Юзеф. Где я взял папиросы? Ну, конечно, конфисковал. У того, кому они уже не нужны. Чтобы Сорокваша мог понюхать одну   Он понюхал и оценил: погарской фабрики, ещё военные…(внимательно глядя на Дуню) Какие красивые усы! Так нечестно! Я тоже хочу себе такие! (неожиданно целует Дуню)
Глядя друг на друга, начинают смеяться. Дуня обтирает лицо Юзефа краем своего платка. Неожиданно стягивает платок с головы и прикладывает под нос Юзефу пушистый конец своей косы.

Дуня. Вот теперь ты настоящий пан!

Юзеф делает комически важную физиономию.   

Дуня. Нет, с такими пышными усами ты похож…на итальянского короля Виктора Эммануила!

Юзеф (опешив) А… откуда ты знаешь об итальянском короле?..

Дуня. В журнале одном видела…В нашей библиотеке, в школе…

Юзеф (дурашливо) Ну если я – король Виктор, значит, ты – моя королева Виктория…(нежно втирая в щеки Дуни остатки варенца) Как крэм «ТЭЖЕ»…

Дуня .А мужик на ярмарке пел; «Тут «ТЭЖЕ» и там «ТЭЖЕ», а целовать где же?

Юзеф. Целовать везде. Закрой глаза.

Дуня закрывает глаза, запрокидывает лицо, ждет. Юзеф достает из внутреннего кармана пенсне, надевает его, изучает дунино лицо, кладет пенсне на место.

Юзеф. Теперь открой.

Целует Дуню. В это время к ним подходит Калега. Играет, поёт; «В эту ночь расцвели голубые цветы…»

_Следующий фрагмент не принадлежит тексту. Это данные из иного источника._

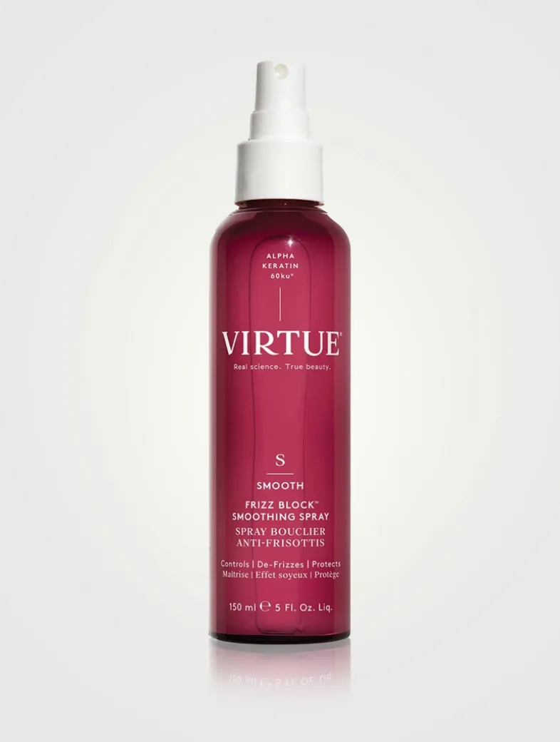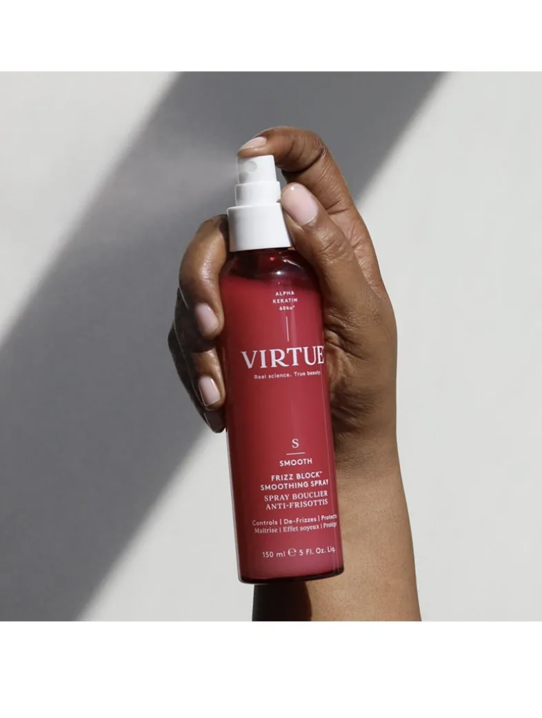 A lightweight, milky microemulsion mist. Controls, De-Frizzes, Protects. A weightless, humidity-halting spray with ingredients that help protect hair from UV damage and stop frizz in its tracks for 72 hours of heat-safe, silky-smooth strands. Frizz Block Smoothing Spray creates an impenetrable veil of humidity-blocking, frizz-stopping, moisture-locking mist that protects strands for 72 hours. Created for harsh humid conditions, this alcohol-free, heat-activated spray is the prescription-strength equivalent of traditional anti-frizz sprays. Virtue’s proprietary Alpha Keratin 60ku® instantly fills and seals cracked cuticles while featherweight polymers and lipids hover above, repelling air-born humidity. This lightweight, milky mist is alcohol free, so it won’t create build-up or dry out hair, and it’s heat protective up to 450 degrees, leaving hair healthy, silky-soft, and free of frizz for days.

Юзеф протягивает Калеге две папиросы.

Юзеф. Возьми, дядя! Мы сегодня богатые!

Калега. Спасибочки (кладет за ухо обе папиросы, не прерывая игры)

Дуня и Юзеф счастливы. Кажется, что они обрели то чувство, которое обычно бывает в ранней юности – бывает, да не у всех. Вот и они переживают сейчас то, чего не было в юности. А как оно могло быть, если для этого нужно сначала встретиться?..

Дуня и Юзеф уходят с рынка. Вернее, рынок шумным табором уезжает от них, как на каруселях.

Дуня. Из тебя хороший знахарь получился бы. Руки у тебя такие…бережные…

Юзеф. Так на фронте медбрат это иногда врач.

Дуня. Только не надо на фронте…

Юзеф. А ты можешь стать хорошей модисткой. Салон модной одежды мадам Евдокии Шеманской!

Дуня. А почему Шеманской?

Юзеф. Потому, что это моя фамилия.

Дуня погрустнела, заторопилась: они совсем забыли о времени, а время забыло о них.

Дуня. Ой, мне же нужно домой! Скорехонько! Пока темнота в комнату не вкралась. Вчера с красными флагами ходили, так я и выходила шмот кумача – Коленьке сорочку сгандобить.

Юзеф.(с притворной строгостью) Как так: флаг революции на исподнее?!

Дуня. Так у них много же было, этих флагов…

Юзеф (продолжает подтрунивать, любуясь её детским простодушием) А вдруг не досчитаются?

Дуня (испуганно) Ой, и правда! А что тогда будет? Пропала я!

Юзеф (с улыбкой) Какая ты смешная, смешная девочка, моя Дунюшка…

КАРТИНА ДЕСЯТАЯ.

Улица Транспортная. Ворота дуниного дома. Из соседних калиток выскакивают Самклида и Христина, засматриваются на кого-то.

Христина. Тетка Самклида, а куда это поляк Дуняшку опять повел?
 
Скрипнула калитка – Палага тут как тут. Смотрит в ту же сторону.

Самклида. (выразительно играя лицом) Известно куда: нужду свою справлять.

Христина. (округляя глаза ) Неужто?!.. А с виду такой хилый, лядачий…

Самклида (многозначительно) Так то с виду… (задумчиво) не смотри в теле, а смотри в деле…

Христина. Каждый Божий день!.. А посмотришь – чумичкой перешибить можно!.. Да он сам, как чумичка: длинный и скукоженный!
А ко мне тоже один из гошпиталя подкатывался… Я, кажа, в прачечной, ну  там же, в гошпитале, помылся и чистое исподнее, кажа, переодел, так что прошел полную санобработку! намеки… (шепчет Самклиде на ухо, видимо, что-то скабрезное. Обе хихикают)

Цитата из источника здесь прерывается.